Avaya adds Identity-as-a-Service capability through partnership with Post Quantum

The new technology will roll out later this year in a new service, Mobile Experience, although Canadians will have to wait a little longer, since it will initially be limited to the U.S.

This week at the Enterprise Connect event in Orlando, Avaya made an important and related pair of announcements related to the addition of an -as-a-Service [IDaaS] capability. They announced a partnership with Post Quantum around IDaaS, using blockchain and quantum technologies. They also announced that the two companies will jointly collaborate on developing a new Avaya mobile cloud service, Avaya Mobile Experience, that will use these technologies to provide enhanced security.  The plan is to expand the technology to other Avaya offerings in due course.

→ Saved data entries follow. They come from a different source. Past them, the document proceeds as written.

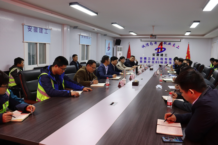 在認真察看項目現(xiàn)場后,何洪春在項目部組織召開了座談會。會上,何洪春對項目取得階段性成果表示肯定,并對施工、安全生產及現(xiàn)場需要解決的重難點問題提出具體意見建議。就項目管理及雄安分公司近期工作,何洪春提出四點要求:一是各參建單位要統(tǒng)一戰(zhàn)線,統(tǒng)一“一盤棋”思想,要快動作、高標準、嚴要求,不打折扣推進工作;二是各工區(qū)、各參戰(zhàn)人員要提高站位、主動作為、加強溝通、勇于承擔、發(fā)揚安徽建工“特別能吃苦、特別能戰(zhàn)斗”企業(yè)作風,克服困難,保障施工;三是項目管理要做好“五好措施”,暨計劃編制好、資源配置好、組織協(xié)調好、督促檢查好、服務保障好;四是雄安分公司要抓住機遇豎品牌、履約工程抓市場,繼往開來,共創(chuàng)輝煌。
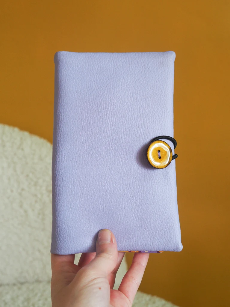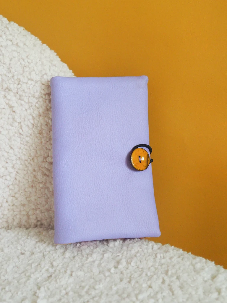 Le portefeuille Tulipop mauve est cousu main dans mon atelier en Bretagne.
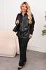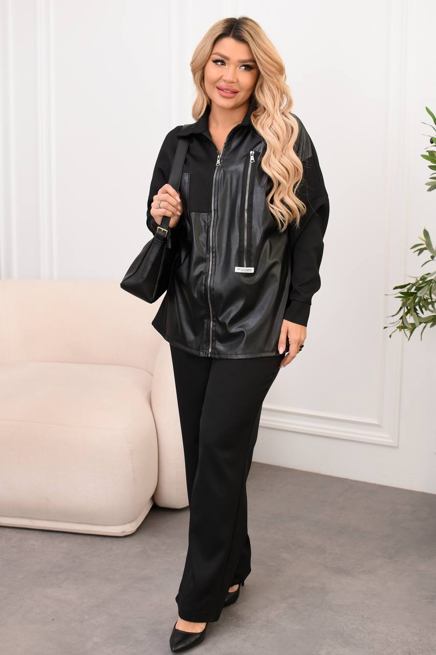 Шикарний костюм-двійка виконаний з крепкостюмки та якісної екошкіри. На грудях декоративна молнія та з іншої сторони робоча кишеня. Кофта на молнії, штани на резинці

“This partnership and service are attempting to focus on a use case that will lead to other things in the future,” said David Chavez, Vice President at Avaya’s Office of the Chief Technology Officer. “The use case here is a common one. When people interact with businesses through a contact centre, it’s hard to know if the other party is authentic. Any time a person contacts a business now, there’s always a little concern you are really talking to them, because of the sophistication of .”

The Avaya–Post Quantum collaboration is focused on creating a self-sovereign identity system, in which individuals maintain direct control of their own identity attributes and credentials.

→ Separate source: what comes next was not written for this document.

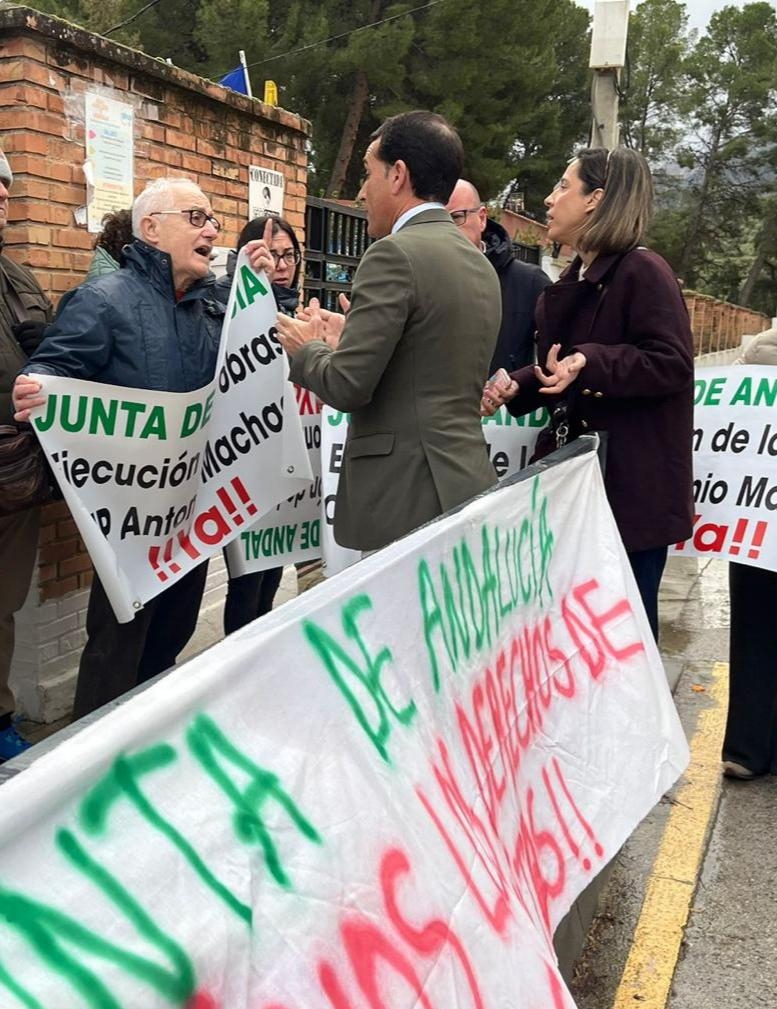 La Plataforma pealeña en Defensa del CEIP Antonio Machado de Peal de Becerro se desplazó el pasado viernes a la localidad vecina de Quesada con motivo de la visita del delegado Territorial de Educación y Desarrollo Territorial, Francisco José Lozano, al que ha recibieron con pancartas para exigir el inicio inmediato de las obras del CEIP Antonio Machado, comprometidas por la Junta de Andalucía.
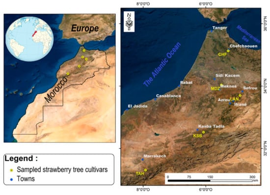 Five genotypes of the strawberry tree (Arbutus unedo L.) were collected between October and November 2019 named (Chefchaouen (CHF), Moulay Driss Zerhoun (MDZ), Laanoucer (LAN), El Ksiba (KSB), and Thnaout (TAH)), where they grew spontaneously (Table 1; Figure 1). Morphological key characters of both tree and its flowers and leaves were used for in-situ trees selection (International Plant Genetic Resources Institutes (IPGRI)) and CIHEAM) []. This selection was also performed through a survey with a local population, since surveyed geographical sites represent an endemic area for species growth in Morocco. Each area hosts typical, spontaneously growing strawberry tree clones.

“We wanted to make sure that our identity solution was self-sovereign, and if you go down that road, you need transparency among multiple parties,” Chavez said. “The best transparency technology uses blockchain. In addition, most businesses today, when they think of security solutions, think of industry standard security. However, there are issues of what quantum computing will do to traditional security going forward. Blockchain records are immortal – they live forever – and we want to make sure they are wrapped in quantum secure records. The only technology company we found that combined blockchain with a quantum secure method was Post Quantum.”

Chavez described Post Quantum as a technology company.

“Think of them as like a startup where they hire experienced experts in blockchain and quantum security,” he said. “They then use these experts to put together interesting pieces of a solution, and they seek out partners to bring together the pieces for a whole solution.”

Chavez said Avaya will contribute two main pieces to the partnership.

“First, we understand contact centres, so we know exactly the best way to integrate this into a contact centre solution,” he said. “Second, our solution is tightly bound to a smartphone, so that the customer doesn’t have to source any identity pieces on their own.” The IDaaS solution will use biometrics to authenticate mobile callers, unlocking sensitive data and using blockchain to allow contact centres to authenticate the customer’s identity and data.

This is Avaya’s first direct initiative to deal with the identity issue themselves.

“Before, we would leave identity as a problem for other companies to solve,” Chavez said.

The technology will be used first in Avaya Mobile Experience, a consumption-based cloud offering that is scheduled to go live late in calendar year 2018. It will identify when an incoming call originates from a mobile device, transport contextual information on the caller to the contact centre, and enable selected calls to be deflected to the mobile web.

“We are bringing it to market first through Avaya Mobile Experience, because there is a very straightforward path to fit in the mobile operation here,” Chavez said. “This will actually be the hardest use case to design – when someone phones into a contact centre and where neither party has ever heard each other before. At some point in the future, we will also support the same method with a mobile app.”

Avaya Mobile Experience will be available to partners to sell – although partners in Canada will have to wait a little while.

“Anyone can sell this,” Chavez said. “It’s not a direct only play. Initially, however, the solution set will be applied to U.S. phone numbers only. People from Canada will be able to call a U.S. number with Avaya Mobile Experience, but we aren’t supporting Canadian numbers yet.”

That’s not a situation that is likely to last for long, however.

“We will eventually be expanding it beyond that, on a country-by-country basis, Chavez said. “We have Canadian customers who are interested in this, and the Canadian market is one of those that is the easiest for us to expand into. I wouldn’t expect it will take very long for us to develop plans around Canadian numbers.”

Avaya also announced the closing of their acquisition of Spoken Communications, which was originally announced at their Avaya Engage event in January.